Driving piles that support columns and foundations at construction sites is a critical process that affects the safety of structures. However, the work of guiding pile placement, traditionally relies heavily on experience and intuition, making it difficult for beginners. On site, you need to determine positions from drawings, mark the ground, and drive piles at those marked positions—steps that are time-consuming, labor-intensive, and prone to mistakes.

In recent years, the construction industry has accelerated the adoption of digital technologies such as ICT and AR to streamline construction (so-called Construction DX). Within this trend, a new approach to pile driving guidance has emerged. To ensure you “won’t get lost when driving piles,” a system was needed that allows anyone to easily and accurately identify pile positions. Enter pile-driving navigation using an AR guidance app that combines a smartphone with high-precision GNSS. This article explains this innovative method and the LRTK app that makes it possible. With this new approach, pile-driving work will become significantly more efficient, enabling anyone to perform accurate work without getting lost.

Table of Contents

• Challenges of pile-driving guidance in foundation and temporary works

• Visualizing pile positions with AR display and coordinate navigation

• Workflow of pile-driving guidance using LRTK

• Frequently asked questions

Challenges of pile-driving guidance in foundation and temporary works

“Pile driving” refers to the work of driving piles into the ground to support buildings and civil structures, mainly as part of foundation work. When the ground’s bearing capacity is insufficient, concrete or steel piles are driven deep into the ground to transfer the building’s load to a firmer supporting layer and reinforce the foundation. Pile work includes methods such as driving factory-made piles (prefabricated pile method) or excavating on site and pouring concrete (cast-in-place pile method), but in any method it is important to execute at the design-specified positions and depths. Temporary works also sometimes require sheet piling or temporary pile driving for earth retention. For example, in excavations that are deep, steel sheet piles are driven to form a retaining wall (temporary earth-retaining structure) to prevent surrounding ground collapse; if the position or spacing of those sheet piles is off, the wall will not be effective. Even for temporary works, accurate pile installation is required.

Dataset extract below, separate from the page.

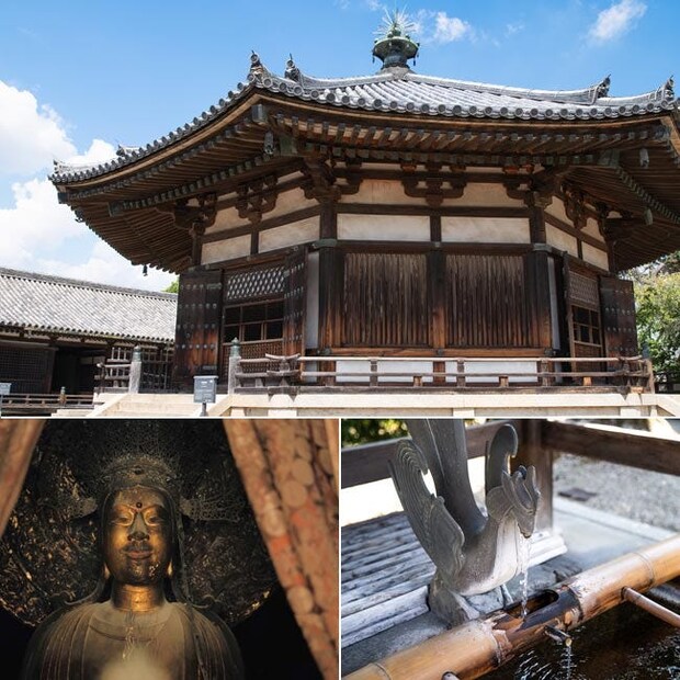 上/八角円堂「夢殿」はどこから観ても美しい。端正な均整美 左下/秘仏・救世観音像。一説では聖徳太子をモデルにしたと言われる慈悲の姿は必見。2025年は10月22日~11月22日で特別開扉される(※) 右下/鳳凰を象った吐水口。境内を満たす清らかな水音が心地いい

In all cases, the correctness of pile positions according to the drawings directly affects the quality and safety of subsequent work. If the pile center is off, distortion can occur in the superstructure or the planned bearing capacity may not be achieved. Therefore, extremely high accuracy is required for guidance of pile positions. Since even small errors can affect the overall safety of a building, painstaking checks are performed before pile driving.

However, traditional pile-guidance work has been largely manual and required considerable effort and experience. The common method is to read coordinates and dimensions from design drawings, measure distances from site reference points using tape measures or surveying instruments, and mark the ground. On large sites, a temporary reference frame called “chouhari,” using wooden stakes and string lines, is set up to derive positions from those references. But in urban tight sites or areas with complex structures, there is often insufficient space to set up chouhari. When working below ground level or where there are many obstacles, poor visibility increases the effort required to re-establish measurement points.

Traditional surveying methods are also subject to human error. Mistakes reading a tape measure, transcription errors when copying calculated values, or marks being erased by passing heavy equipment are common on sites. Even a small error in pile position can necessitate extra excavation or repair work later, causing schedule delays and cost increases. For this reason, surveyors often perform double checks before pile driving, and construction managers carefully confirm markings. Still, under complex site conditions human error cannot be entirely eliminated, leading to ongoing concerns about how to make pile-guidance more accurate and efficient.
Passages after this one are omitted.